Although, as we’re reminded throughout the night, it’s all a silly game and the points don’t mean anything and so the winner is winner of nothing, really (although there are two movie tickets and a bar tab, along with a place in the Wellington regional slam final).

This is what I repeat to myself. It’s all a game. The judges are random and it’s hard to pick where their tastes will run. At last month’s slam one of the top six was, well, not actually performing poetry. He rapped. Clearly the judges thought differently, so yes, it’s all a game with random scores and who knows what the night will throw at us.

During our pre-slam info session we’ve drawn numbers for the random order. I draw 11, making me the last poet of round one. I’m good with this. Later is usually better for me when I’m performing, as it gives me a chance to get my anxiety settled and find my mental rhythm.

The slam gets underway with a lot of explanation of what the hell is happening. Sara – MC and one of the organisers of Windswept Slam – advises that slams are just a way of tricking people into coming to listen to poetry by making it into a competition. It works; the Black Sparrow is packed.

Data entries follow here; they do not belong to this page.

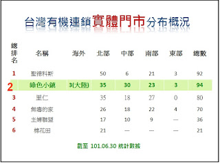 圖:台灣有機連鎖實體門市分布概況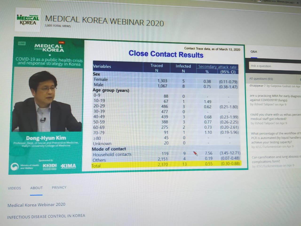 9 апреля в Национальном центре общественного здравоохранения МЗ РК состоялся очередной онлайн – семинар по теме «Контроль инфекционных заболеваний в Южной Корее»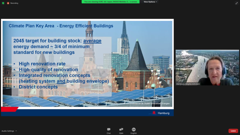 Last but not least, Ms. Brigitte Koehnlein, Deputy Head of the Department for Federal, European and International Affairs, Hamburg Ministry for Environment, presented Hamburg’s Renovation Wave Strategy. Awarded the European Green Capital in 2011, Hamburg puts a strong emphasis on sustainable urban development. The city aims to be climate neutral by 2045, a result of the political commitment made in consequence of the recent IPCC Report to raise its climate ambitions. This is a heavy task with more than 4.5 million tons of CO2 emissions to be reduced.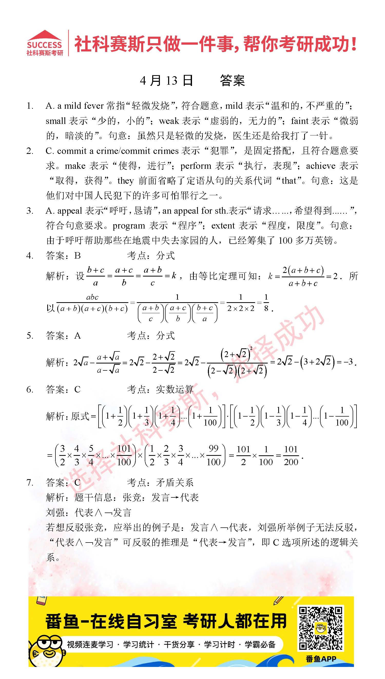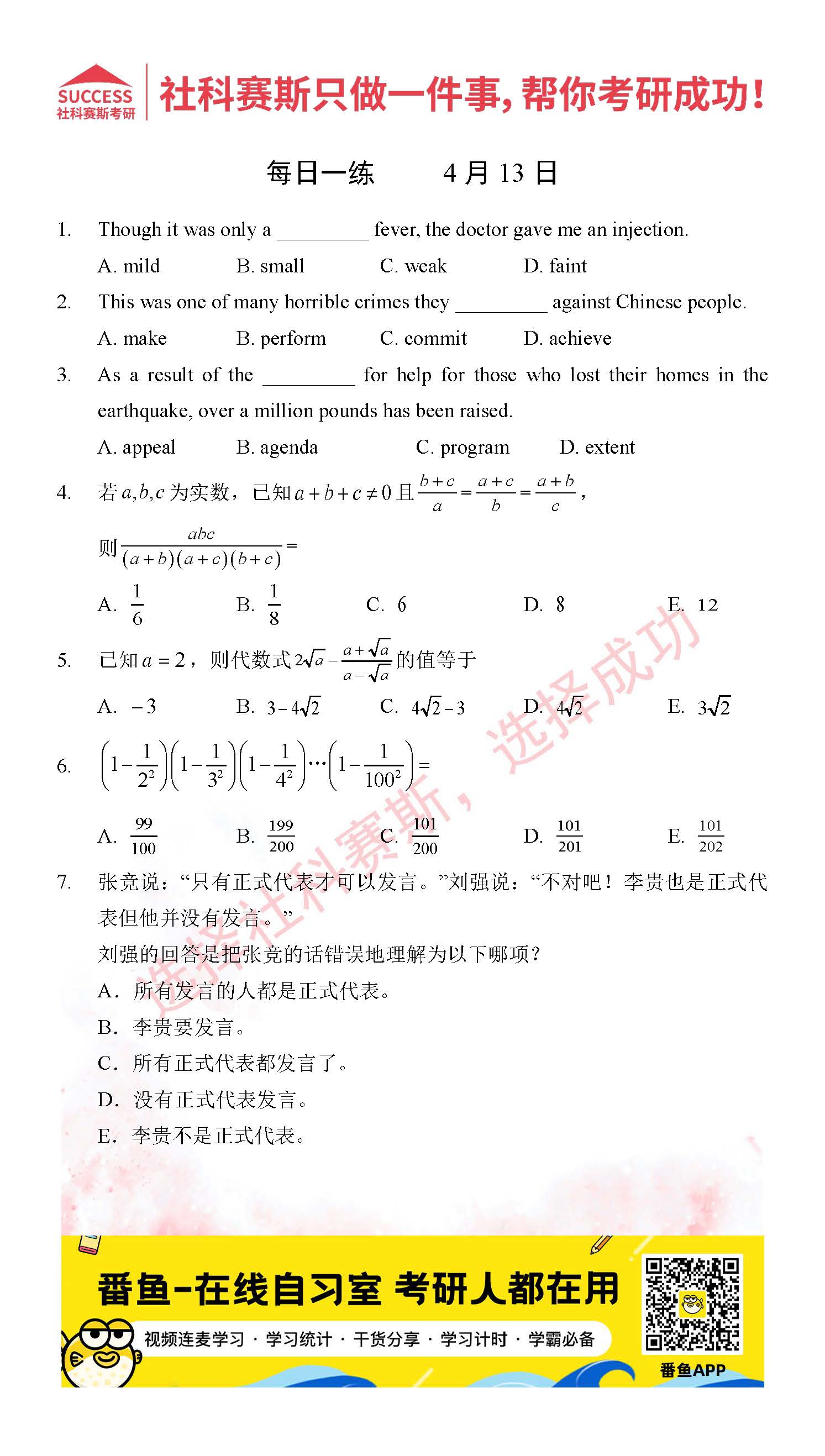 2022考研每日一練:4月13日管理類聯考每日一練及答案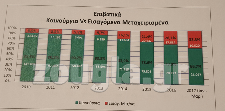 Ένα στα 3 αυτοκίνητα που πουλήθηκαν το πρώτο τρίμηνο ήταν εισαγόμενα μεταχειρισμέναμεταχειρισμένων), ενώ το 2016 το νούμερο αυτό έφτασε ήταν 27.814 με 26.1% μερίδιο. Φαίνεται ξεκάθαρα πως το mix έχει αλλάξει σημαντικά, ενώ έχει αυξηθεί ακόμα περισσότερο το πρώτο τρίμηνο του 2017 όπου το μερίδιο άγγιξε το 33.3%.

Then there’s a sacrificial poet: someone who isn’t competing but who performs the first poem so that the judges can get their heads around this crazy idea of judging poems. And judging it quickly, as Sara points out. Quick is good. There is poetry to get to. The sacrificial poet, Rose, is pretty damn awesome.

The 10 poets before me cover the usual wide variety of topics. There’s child abuse, suicidality, the nature of being at a slam, racism and finding a sense of belonging, relationships, sex… There’s loud voices and quieter voices. On a piece of paper I keep track of how far through the competitors we are, so that I can manage my anxiety levels and get my head in the right space.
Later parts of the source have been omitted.